An intervention that framed social adversity as common and transient and used subtle attitude-change strategies raised black students' GPA and halved the achievement gap between black and white students. The increase in their performance was the result of the intervention preventing students from seeing adversity on campus as an indictment of their belonging. It also improved self-reported health and well-being.
The authors review the theoretical basis of several prominent social-psychological interventions and emphasizes that they have lasting effects because they target students' subjective experiences in school, because they use persuasive yet stealthy methods for conveying psychological ideas, and because they tap into recursive processes present in educational environments.
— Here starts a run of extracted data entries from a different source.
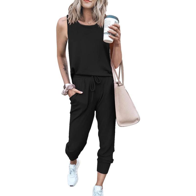Design:Womens Two Piece Outfits/Sleeveless Tops/Crewneck Pullover/Tank Tops/High Waist/Drawstring Waist/Solid Color/Beam Foot/Loose Fit/Long Pants/Sweatpants/Two Piece Sweatsuits For Women/Active Wear Two Piece Sets For Women/Two Piece Workout Outfits For Women/Two Piece Pajamas For Women/Two Piece Jogger Sets For Women/Two Piece Lounge Outfits For Women/Sleeveless Two Piece Outfits For Women/Tops And Bottom Matching Set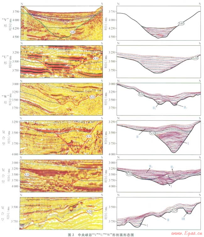 瓊東南盆地經(jīng)歷了由陸到海的地質(zhì)演化過程,期間伴隨發(fā)育有多種類型的儲集體:水道砂、低位扇、海底扇、生物礁、濱海砂壩、三角洲、古潛山等。其中以中新世黃流期發(fā)育于整個深水區(qū)中央坳陷帶內(nèi)的中央峽谷水道砂儲集體,特征最明顯。中央峽谷西起鶯歌海盆地東部陸坡,向東終止于南海西北次海盆,總長度425km,寬度最大處為48.5km。其整體呈SWNE走向,平面上呈“S”形展布,并具有分段性特征,由西至東可劃分為樂東段、陵水段、松南寶島段和長昌段(1),剖面上呈對稱或不對稱的“V”“U”“W”形態(tài)[6-7](2)。受多種地質(zhì)因素的共同控制,中央峽谷內(nèi)部充填結構具有“多期次性”。充填了相互疊置的多套有利的砂泥巖儲蓋組合,并依靠峽谷邊界側封和巖性尖滅形成多個構造+巖性圈閉,具有極大的勘探潛力。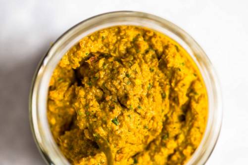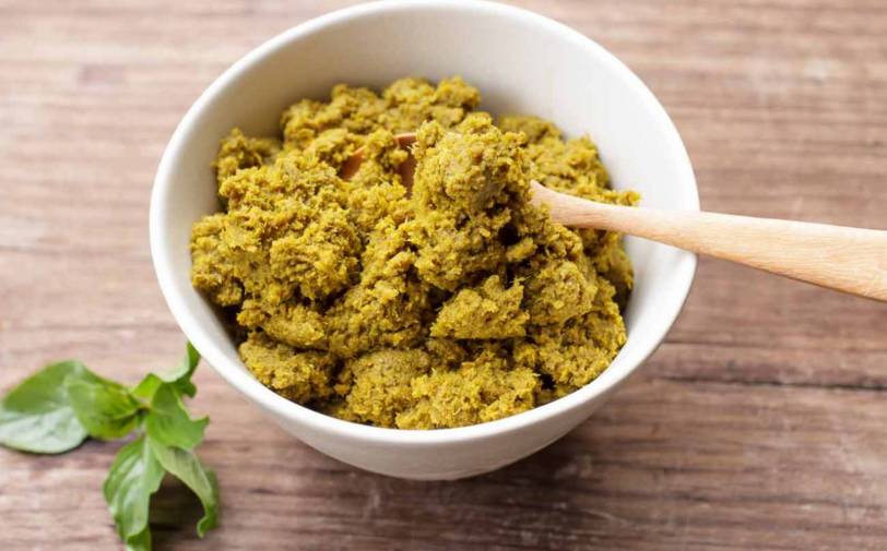 7. 加入盐、虾酱,混合均匀,地道的泰国绿咖喱酱就做好啦。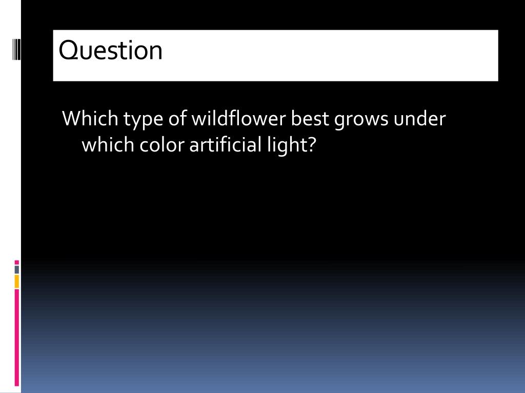 Wildflowers Kathryn Nace. Table of Contents. Title Table of Contents Question Hypothesis Material Procedures Conclusion Question Bibliography Encyclopedia Books Internet . Question. Which type of wildflower best grows under which color artificial light?. Hypothesis.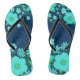 Marinho De Tela Tropical E Chinelos De Turquesa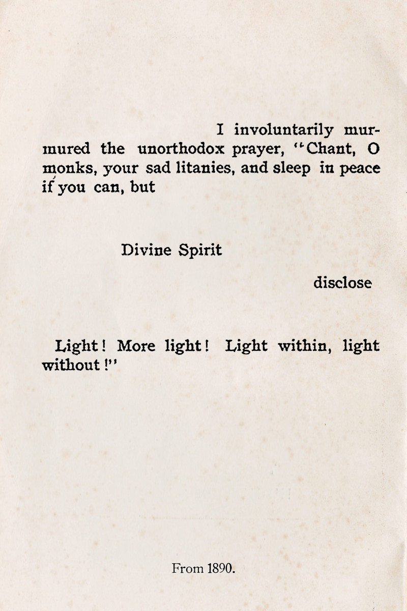 If you happen to see a church tower, wonder whether the religions of the world are "nothing but so many creaking and splashing barges," whereon the souls of humanity ferry themselves over "lakes of primal silence," disturbing the swaying water lilies that grow there and frightening away the timid waterfowl.

Understanding these interventions as powerful but context-dependent tools is essential when taking them to scale.
The authors suggest that standard measures of academic performance are biased against non-Asian ethnic minorities and women in quantitative fields. This bias results from the context in which they are assessed—from psychological threats in common academic environments, which depress the performances of people targeted by negative intellectual stereotypes. Two meta-analyses, combining data from 18,976 students, tested this latent-ability hypothesis. Both meta-analyses found that, under conditions that reduce psychological threat, stereotyped students performed better than nonstereotyped students at the same level of past performance. The authors discuss implications for the interpretation of and remedies for achievement gaps.
Worry over one’s social belonging can contribute to racial disparities in college achievement. Historically excluded groups may feel alienated and stigmatized on college campuses, contributing to the belief that they don’t belong. Subtle events that confirm a lack of social connectedness can have large impacts on belonging. On days of high stress, black students’ (but not white students’) sense of fit in college declined. However, after an exercise that relayed the message that normalized their feelings and suggested they would dissipate with time, black students were more engaged in school, and their sense of belonging hinged less on the quality of their day. Their GPAs also improved.